A 2020 peer-reviewed study of children ages 7–11 found that the primary difference for students with ADHD was not in basic sensory processing. The real challenge was praxis — the ability to organize and carry out actions. This is the skill that allows a student to start a task, follow the steps in the right order, and finish it.
Read the full study here:
In school, praxis is required for solving multi-step math problems, organizing writing, completing assignments, and working independently. This is why a child can understand a concept, explain it out loud, and still be unable to complete the work on paper. It is not a lack of effort. It is a difficulty turning an idea into an organized action.
The study also showed that this planning and sequencing difficulty exists even when impulsivity is taken into account. In other words, the issue is not simply self-control — it is how the brain organizes complex tasks.

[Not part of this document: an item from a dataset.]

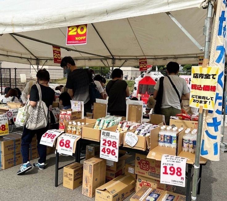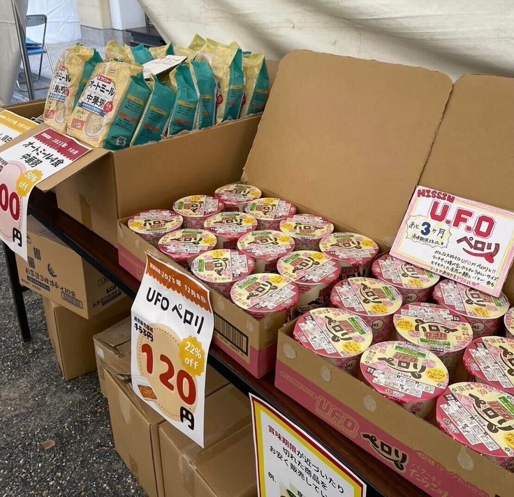 それぞれを少し詳しく説明すると、賞味期限が近かったり、過ぎてしまってお店では販売できなくなった商品を日本もったいない食品センター様から仕入れて、イベントで販売しています。

This has major implications for how students are taught. When children are placed in low-structure environments and expected to manage their learning independently too early, many of them are being set up for frustration. Independence is not created by removing support. It is built through modeling, guided practice, and clear step-by-step systems.
At Harmon School, we explicitly teach students how to plan their work, how to break tasks into manageable parts, and how to complete them successfully. We do not assume these skills — we build them every day through structured instruction and executive function coaching.
When students learn the process for completing work, not just the content, their confidence grows, their anxiety decreases, and real independence becomes possible.
That is how the brain learns. And that is why our model works.